Work order: This exercise calls for duplicating every entry below exactly, without the images.

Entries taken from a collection
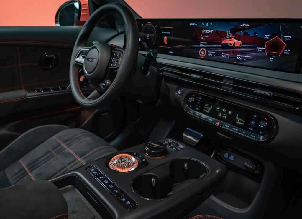 ה-GV60 Magma פותחה סביב תפיסת ה-Athletic Elegance המוכרת של המותג, אך כאן היא מקבלת פרשנות אגרסיבית יותר המותאמת לביצועים גבוהים. המרכב עבר הרחבה של 50 מ"מ במפסק הגלגלים והנמכה של 20 מ"מ במרווח הגחון, מה שמביא לשיפור ניכר במרכז הכובד וביציבות הדינמית במהירויות גבוהות.
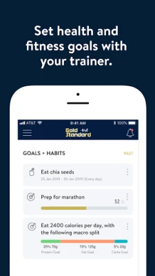 With the Gold Standard Health App, you can start tracking your workouts and meals, measuring results, and achieving your fitness goals, all with the help of your personal trainer.
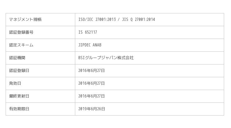 情報セキュリティマネジメントの国際認証ISO 27001を取得
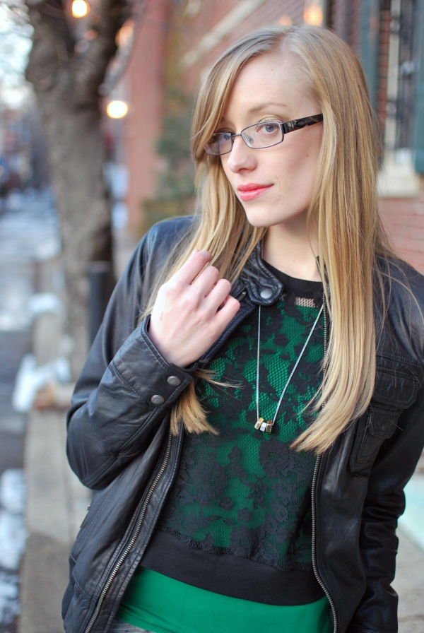 Miyan - love the green pop of colour under the sheer lacey black sweater. you look casual and comfy, but way cute! have fun in NY for the blogger conference, hope you post all about it!
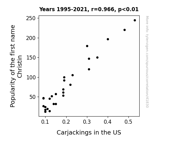 This means 93.3% of the change in the one variable (i.e., Carjackings in the US) is predictable based on the change in the other (i.e., Popularity of the first name Christin) over the 27 years from 1995 through 2021.
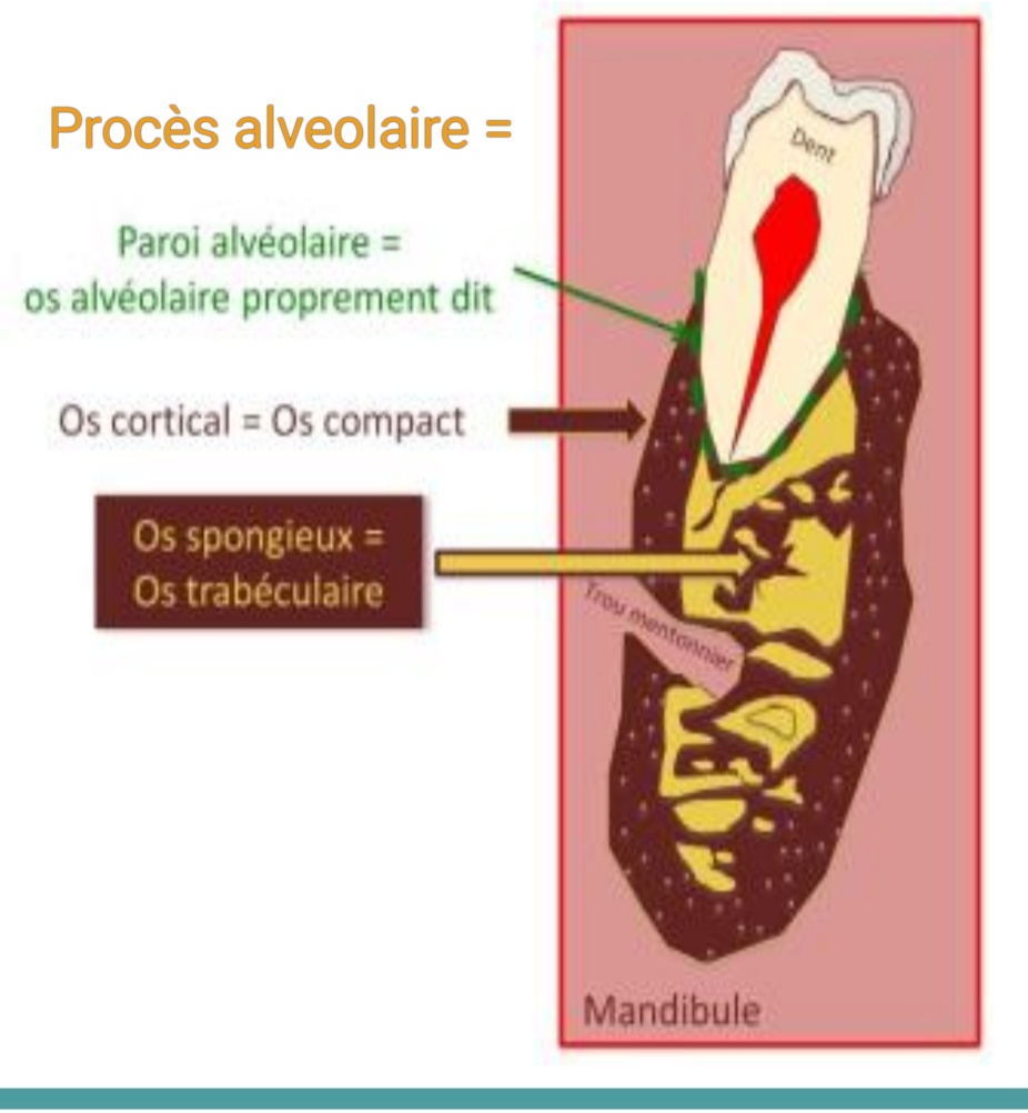 Proces alvéolaire = os cortical + os spongieux + os alvéolaire
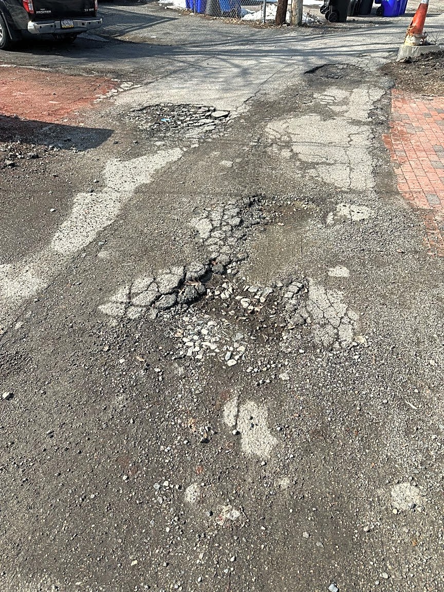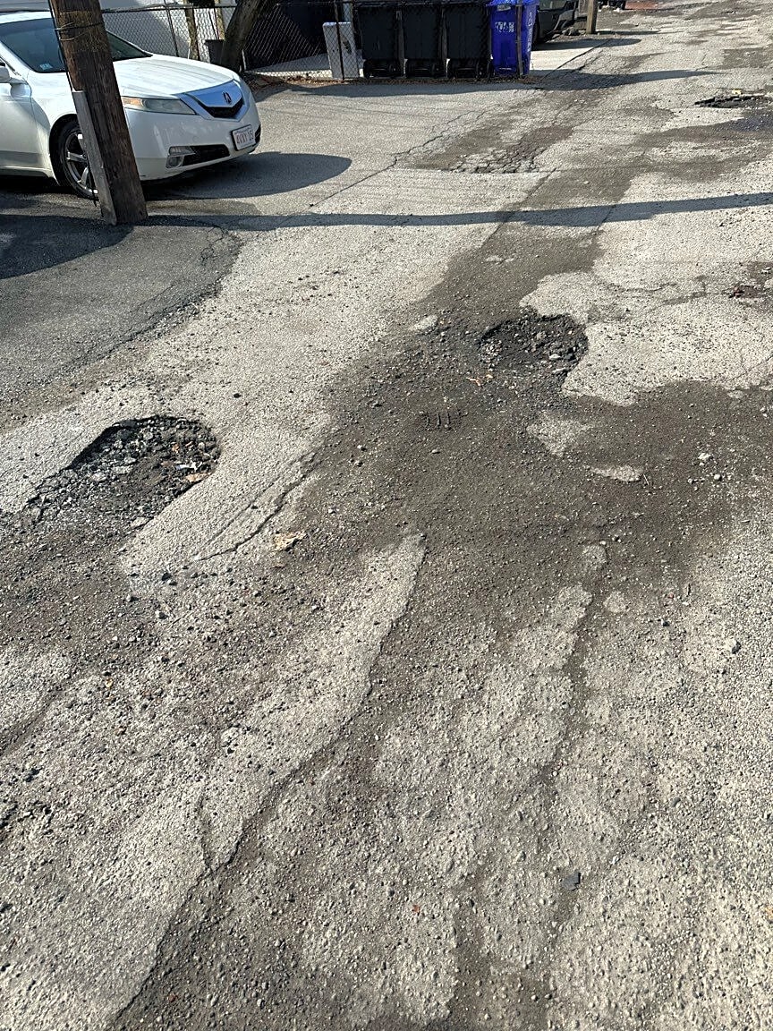 1759 Commonwealth Ave, Brighton, Ma, 02135Many major potholes in side street that is driveways and parking for us on Comm Ave., Wallingford and Leamington. Trash trucks and delivery vans and go back here as well. Entrance to street is off of Leamington
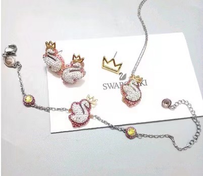 施家对版恶魔之眼项链施华洛灵动天鹅跳动的心锁骨链520礼物

Solution to the problem:
 ה-GV60 Magma פותחה סביב תפיסת ה-Athletic Elegance המוכרת של המותג, אך כאן היא מקבלת פרשנות אגרסיבית יותר המותאמת לביצועים גבוהים. המרכב עבר הרחבה של 50 מ"מ במפסק הגלגלים והנמכה של 20 מ"מ במרווח הגחון, מה שמביא לשיפור ניכר במרכז הכובד וביציבות הדינמית במהירויות גבוהות.
 With the Gold Standard Health App, you can start tracking your workouts and meals, measuring results, and achieving your fitness goals, all with the help of your personal trainer.
 情報セキュリティマネジメントの国際認証ISO 27001を取得
 Miyan - love the green pop of colour under the sheer lacey black sweater. you look casual and comfy, but way cute! have fun in NY for the blogger conference, hope you post all about it!
 This means 93.3% of the change in the one variable (i.e., Carjackings in the US) is predictable based on the change in the other (i.e., Popularity of the first name Christin) over the 27 years from 1995 through 2021.
 Proces alvéolaire = os cortical + os spongieux + os alvéolaire
 1759 Commonwealth Ave, Brighton, Ma, 02135Many major potholes in side street that is driveways and parking for us on Comm Ave., Wallingford and Leamington. Trash trucks and delivery vans and go back here as well. Entrance to street is off of Leamington
 施家对版恶魔之眼项链施华洛灵动天鹅跳动的心锁骨链520礼物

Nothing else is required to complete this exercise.